EXERCISE BRIEF: Please write out the full listing beneath this line exactly, skipping its images.
START DATA SHOWN
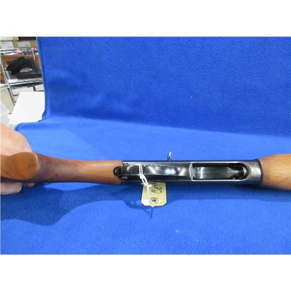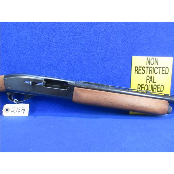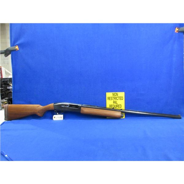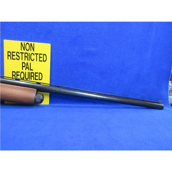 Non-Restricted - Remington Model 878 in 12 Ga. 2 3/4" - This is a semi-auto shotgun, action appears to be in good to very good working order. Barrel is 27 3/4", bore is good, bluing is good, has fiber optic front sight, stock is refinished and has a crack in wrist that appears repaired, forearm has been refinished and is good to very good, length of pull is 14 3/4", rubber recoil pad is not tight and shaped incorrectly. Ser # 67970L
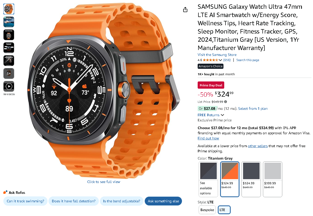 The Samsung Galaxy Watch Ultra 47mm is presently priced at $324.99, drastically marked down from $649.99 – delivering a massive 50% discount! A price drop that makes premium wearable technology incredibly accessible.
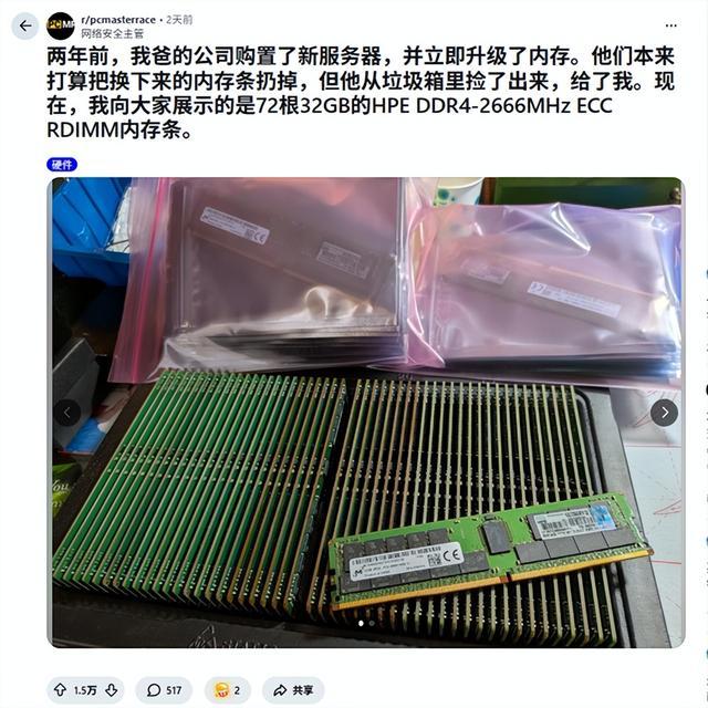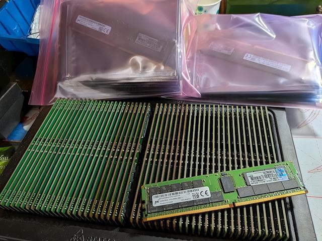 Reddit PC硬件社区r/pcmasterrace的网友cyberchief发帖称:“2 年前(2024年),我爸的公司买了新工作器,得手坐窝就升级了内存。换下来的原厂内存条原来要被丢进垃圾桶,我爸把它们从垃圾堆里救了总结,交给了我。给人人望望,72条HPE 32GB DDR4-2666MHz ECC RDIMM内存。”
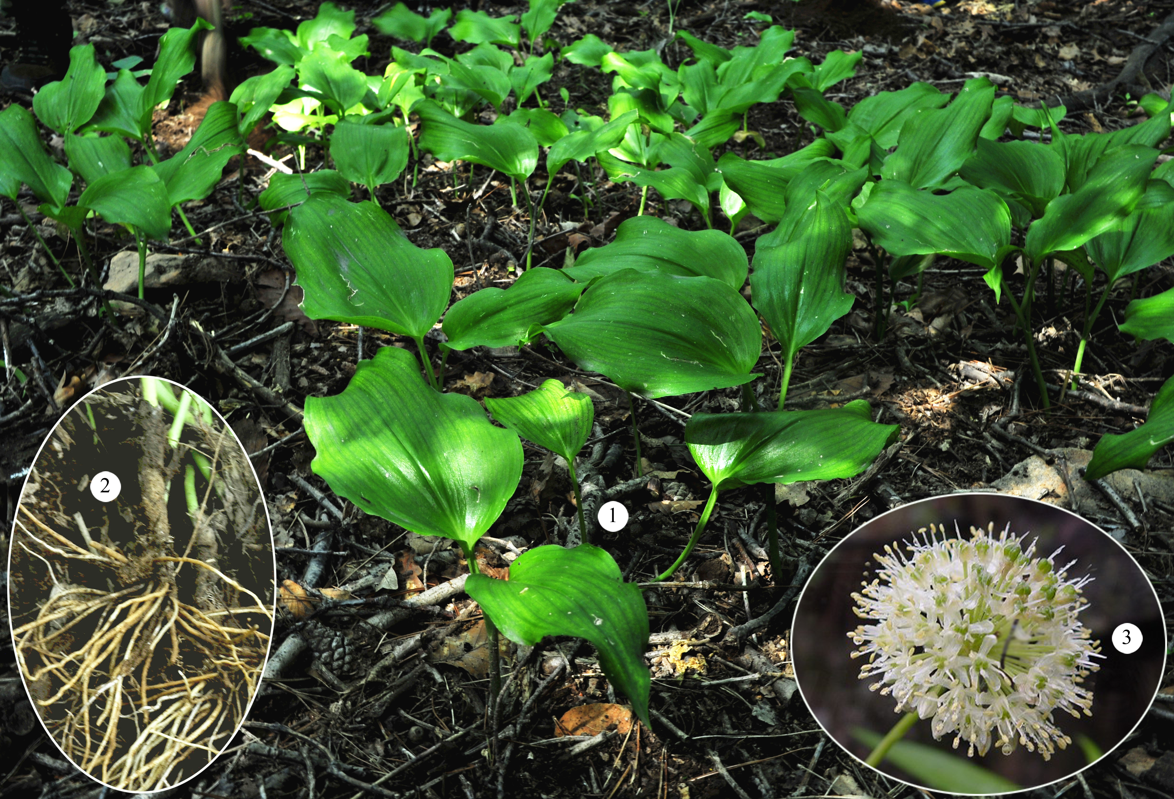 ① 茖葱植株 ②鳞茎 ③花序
END DATA SHOWN
FINISHED TASK:
 Non-Restricted - Remington Model 878 in 12 Ga. 2 3/4" - This is a semi-auto shotgun, action appears to be in good to very good working order. Barrel is 27 3/4", bore is good, bluing is good, has fiber optic front sight, stock is refinished and has a crack in wrist that appears repaired, forearm has been refinished and is good to very good, length of pull is 14 3/4", rubber recoil pad is not tight and shaped incorrectly. Ser # 67970L
 The Samsung Galaxy Watch Ultra 47mm is presently priced at $324.99, drastically marked down from $649.99 – delivering a massive 50% discount! A price drop that makes premium wearable technology incredibly accessible.
 Reddit PC硬件社区r/pcmasterrace的网友cyberchief发帖称:“2 年前(2024年),我爸的公司买了新工作器,得手坐窝就升级了内存。换下来的原厂内存条原来要被丢进垃圾桶,我爸把它们从垃圾堆里救了总结,交给了我。给人人望望,72条HPE 32GB DDR4-2666MHz ECC RDIMM内存。”
 ① 茖葱植株 ②鳞茎 ③花序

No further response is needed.